Though I lost touch with them for a time during punk, I dusted off the old albums again in my mid-twenties. Let It Bleed had become my favourite by then, and it still is. The story of the band had always seemed to take precedence over the story of the music, but as the group faded from public view (meaning the front pages of the newspapers) the music was allowed to speak more loudly and clearly. It took me back to the musicians who had influenced them in the first place, to the blues of Mississippi and Chicago.

When I began writing the Inspector Rebus novels, I knew Rebus would be a fan. He was a no-nonsense working-class guy who’d broken a few rules in his youth. The Stones would have appealed to him more than the Beatles. ‘She Loves You’ or ‘Paint It Black’?  There could be only one winner.  I even started nicking the titles of Stones albums for my books – Let It Bleed (of course), Black and Blue, Beggars Banquet.
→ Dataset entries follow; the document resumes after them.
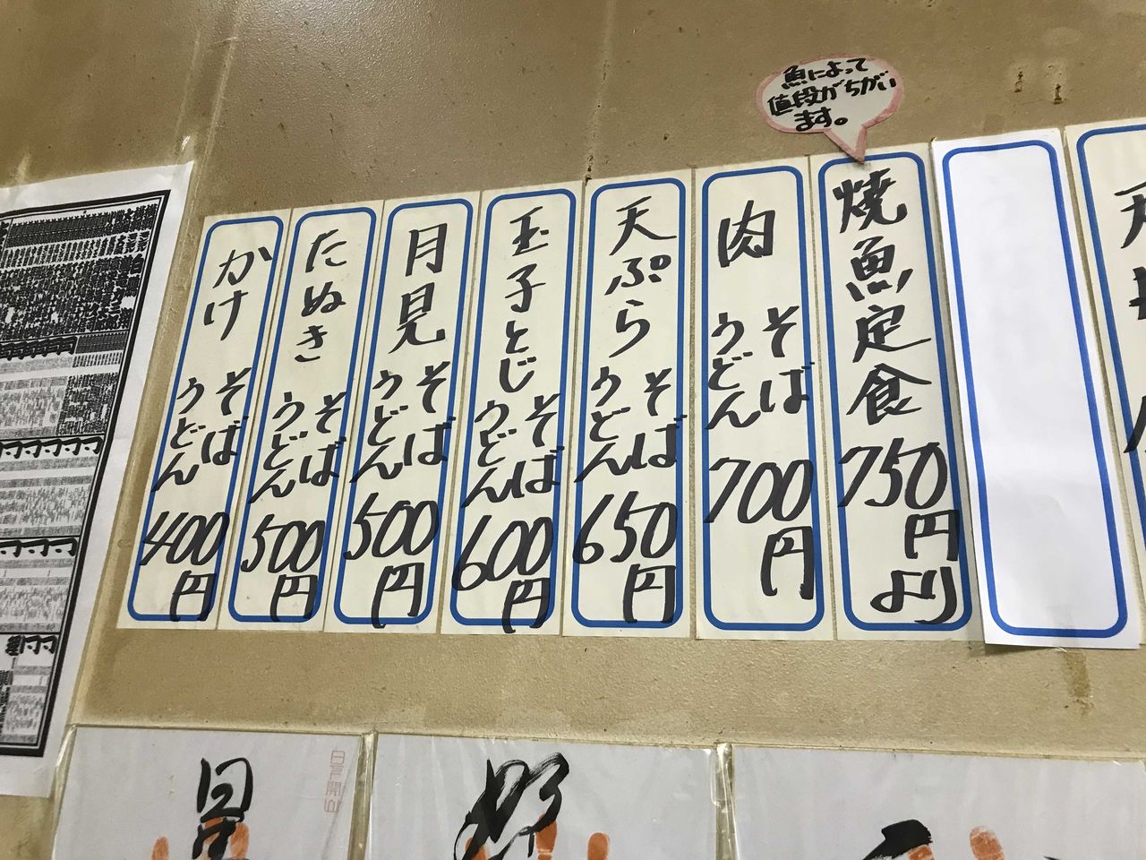 ハの時のカウンターの調理場側には値段が違う焼き魚がショーケースに鎮座しておりました。
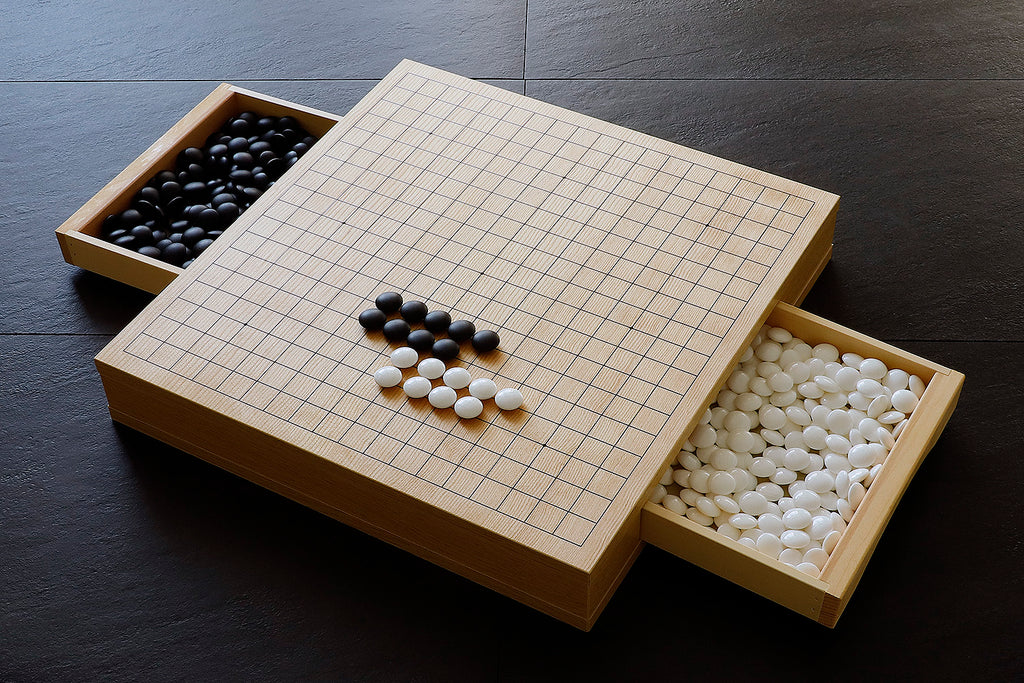 碁盤両側面の引き出しに碁石を収納可能ですので、この碁盤だけで囲碁を楽しめる優れものです。
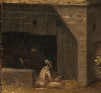 전체 그림에서 볼 때 노인의 크기가 작고 평범한 인물로 보입니다. 이런 이유로 대부분의 관객들은 이 노인에 대해서 큰 관심을 갖지 않을 것 같습니다. 그렇지만, 이 노인은 특별한 특징을 지니고 있는데요. 그가 앉은 자세와 바라보는 방향입니다. 그의 시선의 방향이 예수 탄생 이전 시기인 과거를 바라보고 있고, 흰색 천 위에 앉아있는 것은 의도적인 모습입니다.
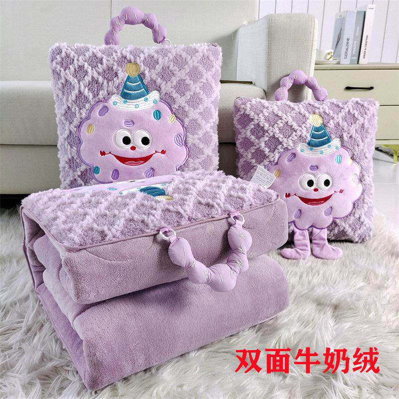 可爱卡通抱枕毯子两用二合一午睡被毛毯车载靠垫办公室午休空调毯

This last was a collection of short stories, and there was one in there called ‘Glimmer’ (an in-joke for Stones fans), which started with the recording of ‘Sympathy For the Devil’ and ended with Altamont. A few years after it was published, I was invited to dinner with Bill Wyman. I handed him a copy of the book and he scanned the story, shaking his head occasionally and saying ‘That didn’t happen… nor that… wasn’t like that… or that.’

This flags up that the public image of the band blinded everyone to the more mundane realities of a life spent gigging and recording. As the band notches up 50 years as a going concern, Charlie Watts will probably affirm that he’s spent five years playing drums and 45 sitting around waiting for stuff to happen. Wyman, of course, got out and seems to enjoy touring with his Rhythm Kings, focussing on blues standards and rarities.

But he still sometimes plays (and sings) ‘Honky Tonk Women’.

I’ve seen the Rolling Stones play live only once – a ‘secret’ fan club gig in London. They were majestic, but not in the least Satanic. Last year, when Keith’s autobiography was published I managed a couple of minutes in his company, though I’ve almost no idea what I said. I got my book signed though, along with a vinyl copy of Exile on Main Street. He might be cracking on a bit, but he still defines much that was great about rock’s defining decade.

My one regret in almost 40 years of listening to the band is that I didn’t purloin my sister’s boyfriend’s copy of Let It Bleed. Complete with poster (and sticker informing the purchaser of said poster), it fetches around 300 quid these days on eBay. Not a bad return on one pound-nineteen-and-elevenpence…              

The Rolling Stones 50th anniversary CD singles box set is released on the 11th of April.